_PROBLEM:_
Exact copies of the lines below, from the one with "- ImportFromE00 (E00" up to and including the one with "餐厅呈现出都市轻奢与工业复古", are what this calls for; leave out pictures.

_GIVEN MATERIAL:_
********

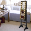 TopBuy – Armoire à bijoux avec éclairage à DEL miroir, armoire à dessus autoportant, noir
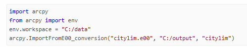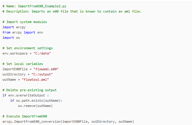 - ImportFromE00 (E00 からインポート) の例 2 (スタンドアロン スクリプト)。
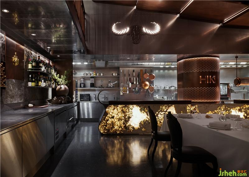 餐厅呈现出都市轻奢与工业复古的风格调性,空间中大量使用古铜及黑胡桃木,搭配泛光化的照明,给人温暖自然的感觉上海餐厅设计。餐厅拥有采用喜马拉雅岩盐制成的干式熟成室、开放的食材储存区,可以让客人能直观地欣赏和挑选食材。
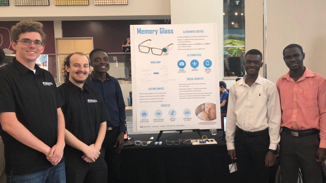 Above: Members of Team DAAEH (from left to right: Alexander Hollar, Andrew Deros, David Manford, Emmanuel Hanson, Hasan Nurulhaq) developed Memory Glass, a product intended to help patients with Alzheimers with real-time reminders of the identities of the people they are currently speaking with. The team developed the concept during Devils Invent: Invent for the Planet and presented their project in College Station, Texas. Photo courtesy of Devils Invent

********

_OUTPUT BELOW:_
 - ImportFromE00 (E00 からインポート) の例 2 (スタンドアロン スクリプト)。
 餐厅呈现出都市轻奢与工业复古的风格调性,空间中大量使用古铜及黑胡桃木,搭配泛光化的照明,给人温暖自然的感觉上海餐厅设计。餐厅拥有采用喜马拉雅岩盐制成的干式熟成室、开放的食材储存区,可以让客人能直观地欣赏和挑选食材。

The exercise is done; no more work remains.